Other animators handled the character, but Ferguson became the Pluto specialist at the Disney Studio. Over the next few years, Ferguson continued to develop and refine the character, ultimately crystalizing with Playful Pluto (1934), in which Ferguson animated a scene where Pluto gets a piece of flypaper stuck to his rear end. The sequence was storyboarded by Webb Smith, and Ferguson padded the scene and added extra bits of comic business. The scene was considered a major landmark in the development of character animation. Frank Thomas and Ollie Johnston described the scene as:

... a milestone in personality animation. From the time he [Pluto] accidently sits on a sheet of the sticky flypaper, Pluto's problems seem to become ever worse as he tries to extricate himself. Through it all, his reaction to his predicament and his thoughts of what to try next are shared with the audience. It was the first time a character seemed to be thinking on screen, and, though it lasted only 65 seconds, it opened [up] the way for animation of real characters with real problems.

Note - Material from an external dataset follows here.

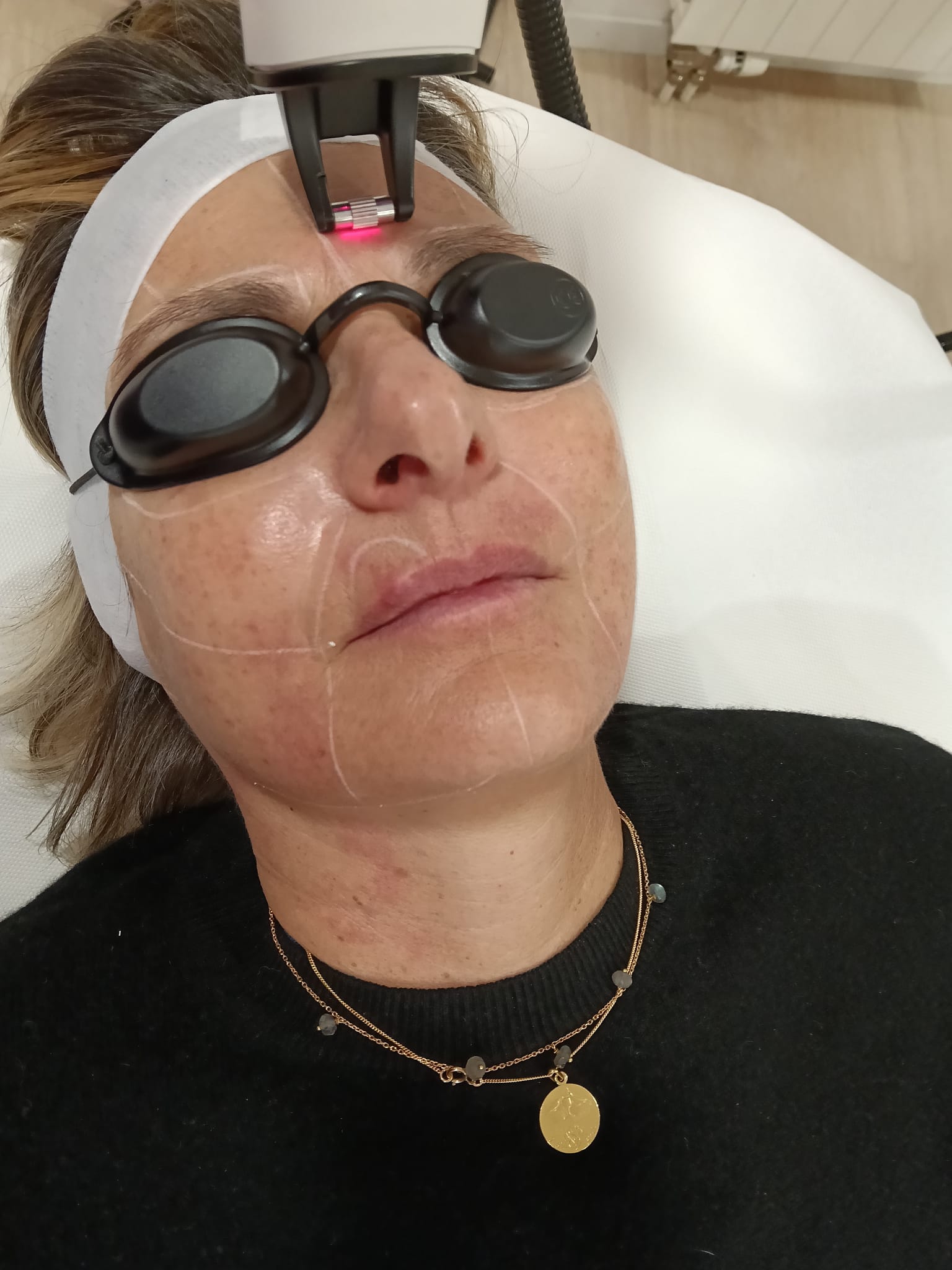 Chaque séance dure environ une heure. Installée confortablement, les yeux bien protégés, la séance commence par un premier traitement destiné à atténuer les taches brunes et les rougeurs. À chaque passage du laser, je ressens une légère sensation de chaleur.
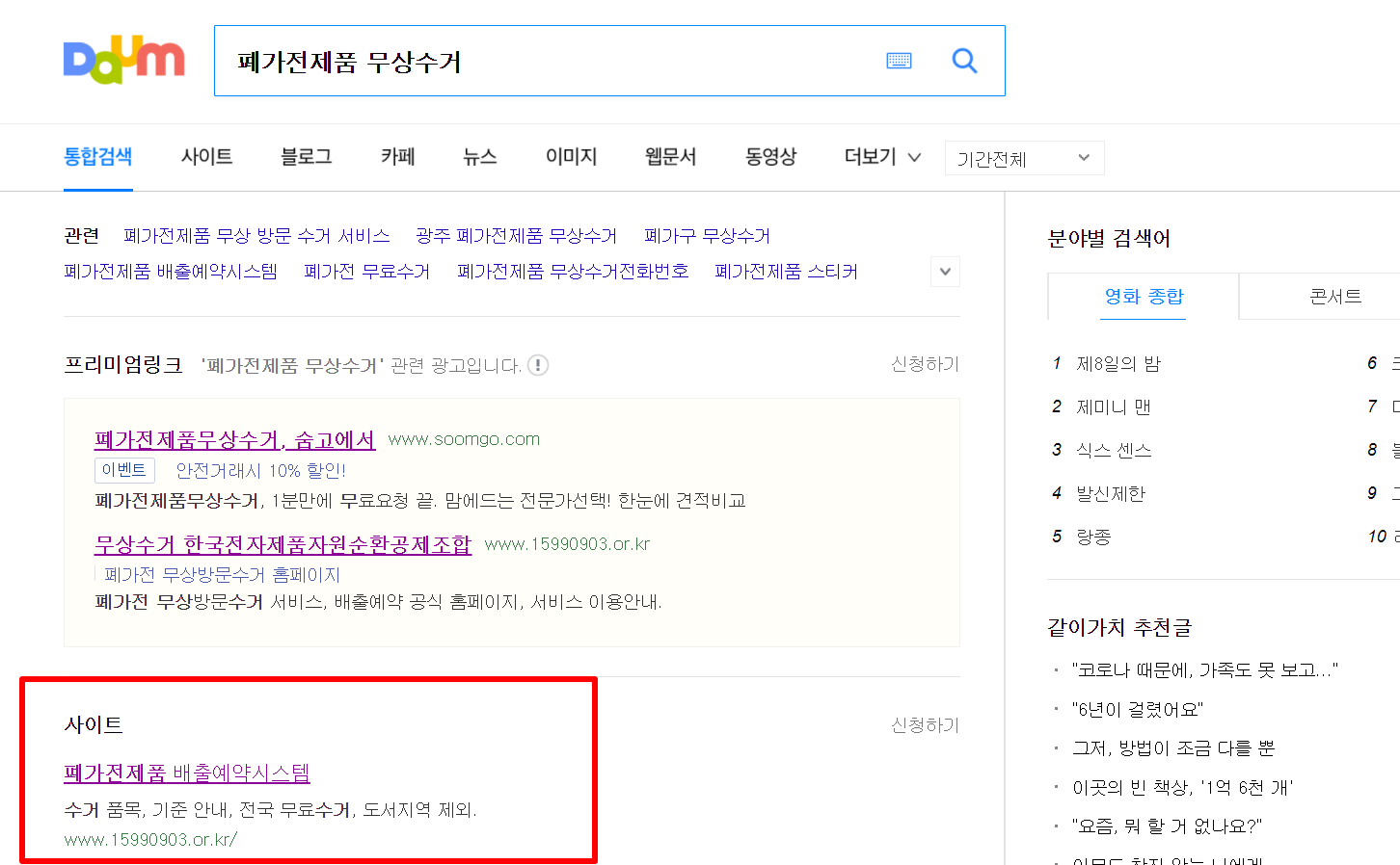 1. 다음(daum) 검색창에 "폐가전제품 무상수거" 또는 "폐가전 배출예약시스템"을 검색합니다.

Following the circulation of Art Babbitt's Character Analysis of the Goof around the Disney studio, Ferguson wrote a four-page character bible on Pluto that was published on January 4, 1936, and detailed Pluto's body construction, facial expressions, mannerisms and personality.

==Appearances==

Bone Trouble (1940); Butch the Bulldog is a common antagonist of Pluto

Pluto first and most often appears in the Mickey Mouse series of cartoons. His solo star debut is in two Silly Symphony shorts, Just Dogs (1932) and Mother Pluto (1936). In 1937, Pluto appeared in Pluto's Quin-Puplets which was the first installment of his own film series, then headlined Pluto the Pup.

His first comics appearance was in the Mickey Mouse comic strip on July 1, 1931, two months after the release of The Moose Hunt. In 1938, Pluto headlined in the Silly Symphony Sunday comic strip, in an adaptation of his Silly Symphony short, Mother Pluto. Pluto was later featured in several sequences of the Silly Symphony strip in 1939 and 1940.

In the various Disney theme park resorts worldwide, Pluto is an interactive character just like many of his film co-stars.